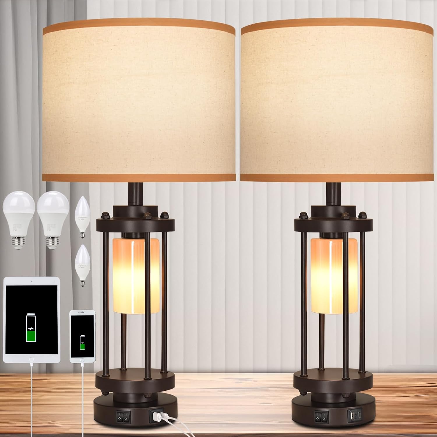 Set of 2 Farmhouse Table Lamps for Living Room, Rustic Lamp for Bedroom Nightstands, Bedside Lamps with USB C + USB A Charge Ports, Industrial Night Light for End Table Entryway, 4 Bulbs Included
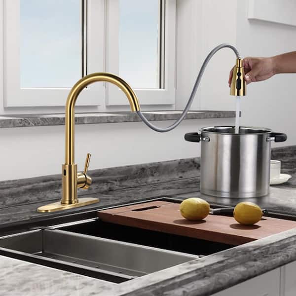 Touchless Single Handle Pull Down Sprayer Kitchen Faucet with Touchless Sensor in Brushed Gold
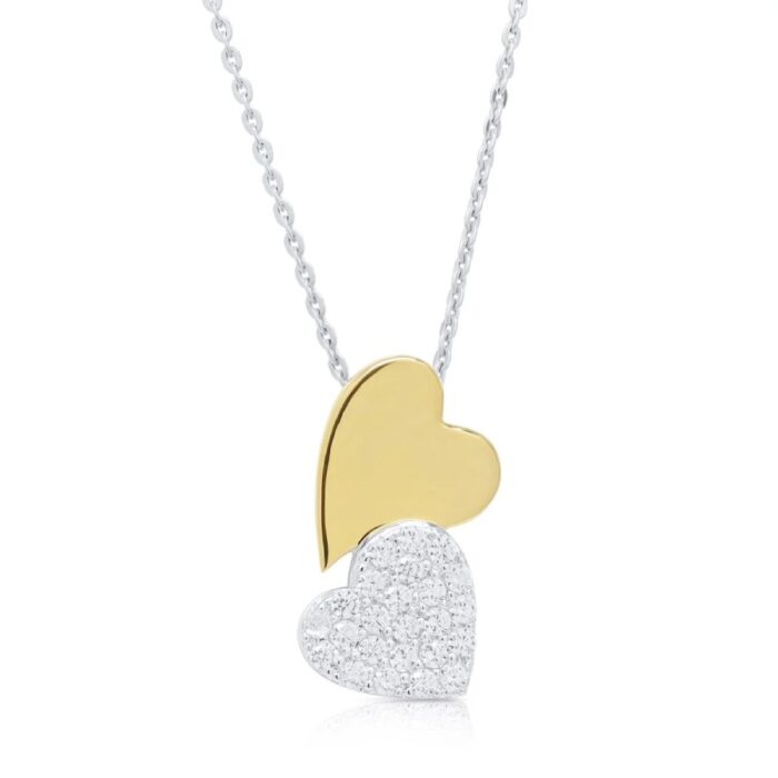 Tuplasydän-riipuksessa on kaksi sydäntä joista toinen on kullattu ja toinen istutettu täyteen kirkkaita zirkonioita.
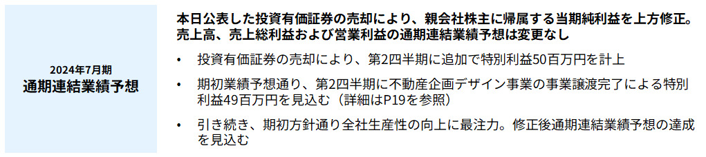第2四半期においては、以下二点により特別利益が計99百万円発生する見込みです。一点目は、前述の投資有価証券売却により、特別利益50百万円を計上します。二点目は、不動産企画デザイン事業の事業譲渡完了により、特別利益49百万円を見込みます。こちらは期初業績予想に織り込まれております。
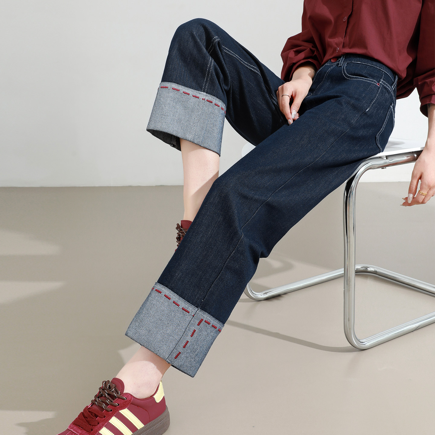 逸阳宽边直筒深蓝色九分翻边2025秋季新款修身显瘦烟管牛仔女裤子
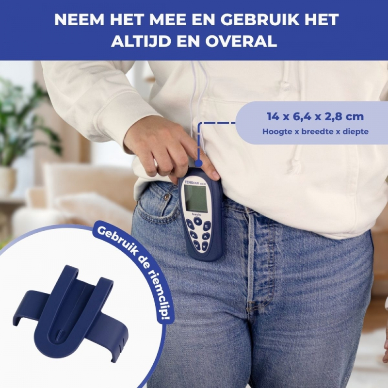 DRAAGBAAR: door het kleine formaat en het bevestigingssysteem aan kleding kun je overal en altijd genieten van de voordelen van de therapie die je nodig hebt. De elektrostimulator is praktisch en past overal
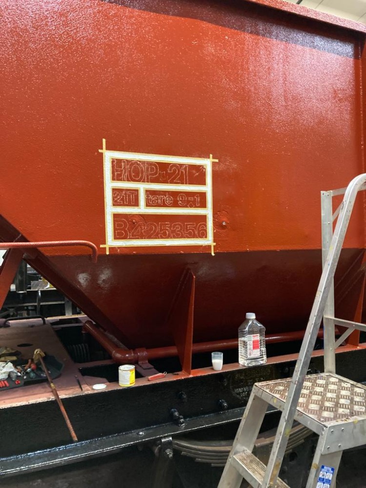 We’re now nearing the end of the work on the hopper, leaving that at Rothley for its axle repair for us to go back to Quorn for the Plate wagon. Next weekend will be more of the same on the hopper though, with the west side solebar signwriting to do and then the whole east side still to tackle. See you then!
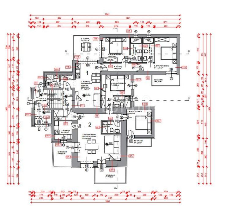 - **Tip stana:** 2 spavaće sobe + dnevni boravak sa blagavaonicom i kuhinjom + 2 kupaonice + natkrivena terasa
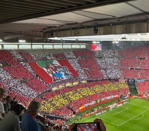 國王杯決賽當(dāng)天上午,筆者搭乘高鐵從馬德里前往塞維利亞,車廂幾乎被馬競球迷占滿,他們在火車上放聲歌唱,對于國王杯奪冠極有信心。決賽開場前的卡爾圖哈體育場看臺上,也是馬競球迷多出一籌。在歐冠時隔多年重返四強之后,床單軍團以國王杯冠軍為接下來的歐冠半決賽之旅提振士氣,看起來也是順理成章的事情。
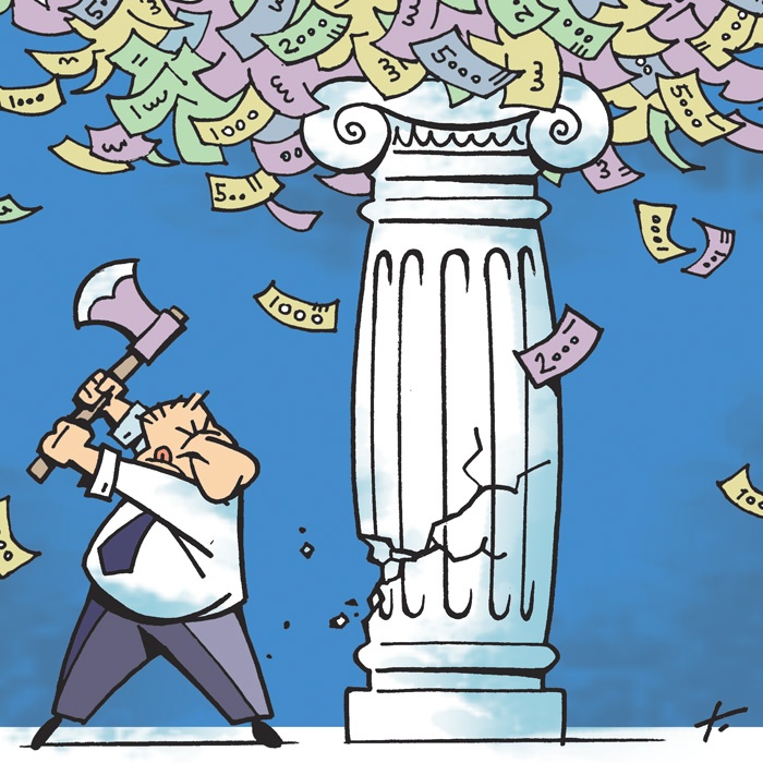 Minister podpira gradnjo s proračunskim denarjem, medtem ko o njeni dopustnosti državni aparat šele presoja! Najbolj nedopustni politični pritisk, a osrednji mediji ga ne problematizirajo. Pač pa se orkestrirano postavljajo v bran pravice Pečečnika, da na terenu stadiona postavi betonski kolos. Nikjer nobene omembe, da mož ne obnavlja stare arhitekture, ampak pod krinko prihaja do gradbenega projekta na področju, na katerem noben investitor ne bi mogel graditi. Ko bi kanil graditi na zapuščenih gradbiščih ob robu mesta, bi dovoljenje seveda že zdavnaj imel. Reč je farsa, o kateri je napisal dramolet absurda arhitekt Janez Suhadolc skozi lik novega japija, ki je hotel postaviti trgovsko središče sredi mesta in je zato podrl palačo NUK, od katere je v prodajnem centru ohranil le grandiozna nukovska vrata.
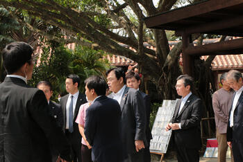 令和2年3月30日、赤羽一嘉国土交通大臣をはじめ田端浩観光庁長官は当社が運営する「おきなわワールド」を視察。琉球王国城下町や南都酒造所、琉球ガラス王国工房 などを訪問し激励しました。 世界的な新型コロナウィルスの影響が続き、観光需要が落ち込む中、一日も早く沖縄観光がV字回復に向け、取り組めるよう力強い言葉を頂きました。
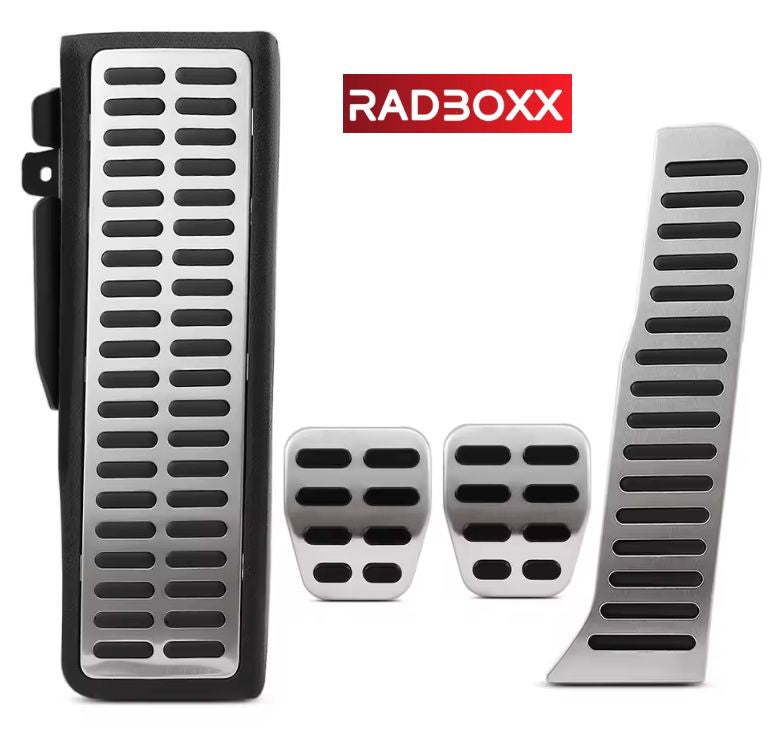 Hochwertiges 3- bzw. 4-teiliges Edelstahl-Pedalset inkl. Fußstütze für Audi, VW, Seat und Skoda Fahrzeuge mit Automatik- oder Schaltgetriebe. Für sportliches Fahrgefühl und optische Aufwertung des Innenraums.
----
[Exercise requirements]:
Print nothing but the lines above starting with the line that contains "Touchless Single Handle" and going on through the line that contains "國王杯決賽當(dāng)天上". Leave out the pictures.

[Solved exercise]:
 Touchless Single Handle Pull Down Sprayer Kitchen Faucet with Touchless Sensor in Brushed Gold
 Tuplasydän-riipuksessa on kaksi sydäntä joista toinen on kullattu ja toinen istutettu täyteen kirkkaita zirkonioita.
第2四半期においては、以下二点により特別利益が計99百万円発生する見込みです。一点目は、前述の投資有価証券売却により、特別利益50百万円を計上します。二点目は、不動産企画デザイン事業の事業譲渡完了により、特別利益49百万円を見込みます。こちらは期初業績予想に織り込まれております。
 逸阳宽边直筒深蓝色九分翻边2025秋季新款修身显瘦烟管牛仔女裤子
 DRAAGBAAR: door het kleine formaat en het bevestigingssysteem aan kleding kun je overal en altijd genieten van de voordelen van de therapie die je nodig hebt. De elektrostimulator is praktisch en past overal
 We’re now nearing the end of the work on the hopper, leaving that at Rothley for its axle repair for us to go back to Quorn for the Plate wagon. Next weekend will be more of the same on the hopper though, with the west side solebar signwriting to do and then the whole east side still to tackle. See you then!
 - **Tip stana:** 2 spavaće sobe + dnevni boravak sa blagavaonicom i kuhinjom + 2 kupaonice + natkrivena terasa
 國王杯決賽當(dāng)天上午,筆者搭乘高鐵從馬德里前往塞維利亞,車廂幾乎被馬競球迷占滿,他們在火車上放聲歌唱,對于國王杯奪冠極有信心。決賽開場前的卡爾圖哈體育場看臺上,也是馬競球迷多出一籌。在歐冠時隔多年重返四強之后,床單軍團以國王杯冠軍為接下來的歐冠半決賽之旅提振士氣,看起來也是順理成章的事情。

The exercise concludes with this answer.